YOUR GOAL:
What is needed is an exact copy of the lines in the entries below from the one holding "This verse can" through the one holding "The effect of", pictures excluded.

DATASET:
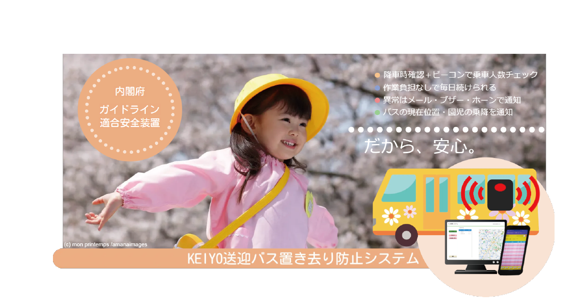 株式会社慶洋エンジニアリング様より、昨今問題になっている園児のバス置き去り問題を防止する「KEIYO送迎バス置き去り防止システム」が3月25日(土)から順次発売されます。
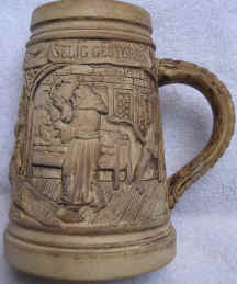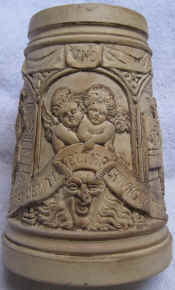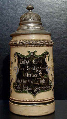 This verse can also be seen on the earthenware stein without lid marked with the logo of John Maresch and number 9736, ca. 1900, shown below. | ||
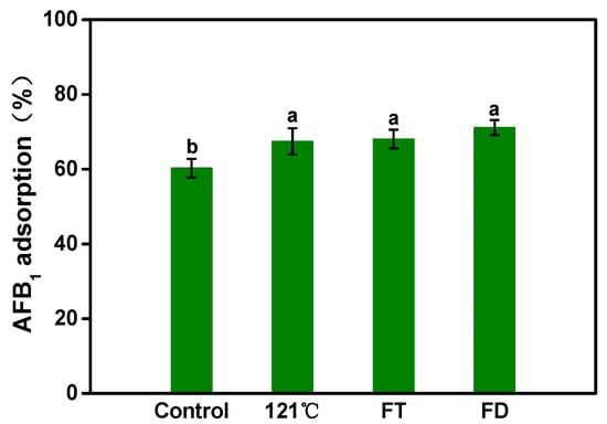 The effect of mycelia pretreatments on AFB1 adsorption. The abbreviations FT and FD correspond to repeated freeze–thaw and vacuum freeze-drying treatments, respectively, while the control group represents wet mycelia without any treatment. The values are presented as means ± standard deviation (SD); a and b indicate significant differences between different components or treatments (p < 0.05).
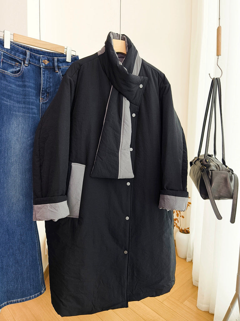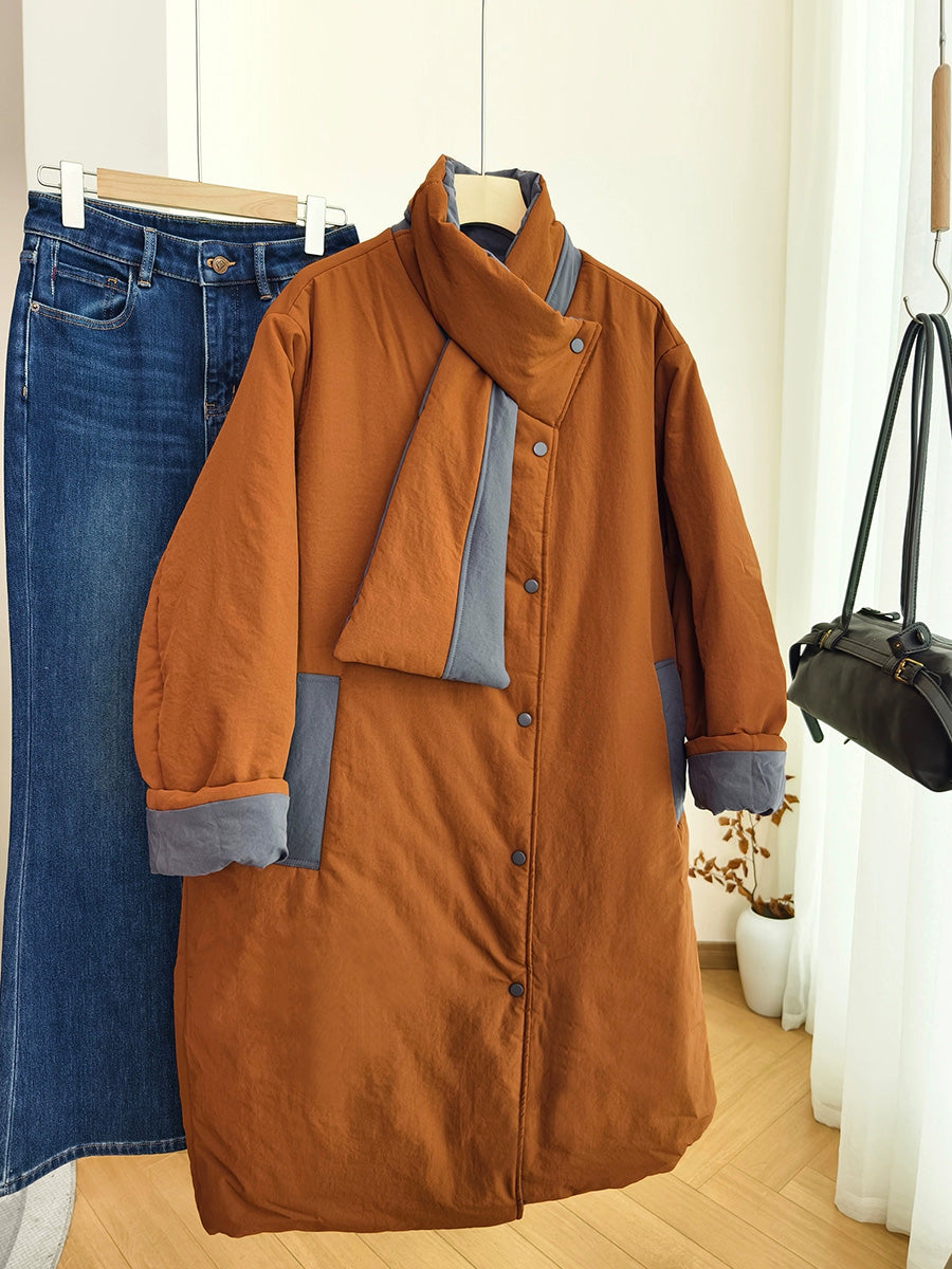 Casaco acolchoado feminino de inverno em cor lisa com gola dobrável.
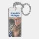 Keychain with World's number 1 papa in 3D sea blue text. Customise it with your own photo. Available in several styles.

YOUR RESPONSE:
 This verse can also be seen on the earthenware stein without lid marked with the logo of John Maresch and number 9736, ca. 1900, shown below. | ||
 The effect of mycelia pretreatments on AFB1 adsorption. The abbreviations FT and FD correspond to repeated freeze–thaw and vacuum freeze-drying treatments, respectively, while the control group represents wet mycelia without any treatment. The values are presented as means ± standard deviation (SD); a and b indicate significant differences between different components or treatments (p < 0.05).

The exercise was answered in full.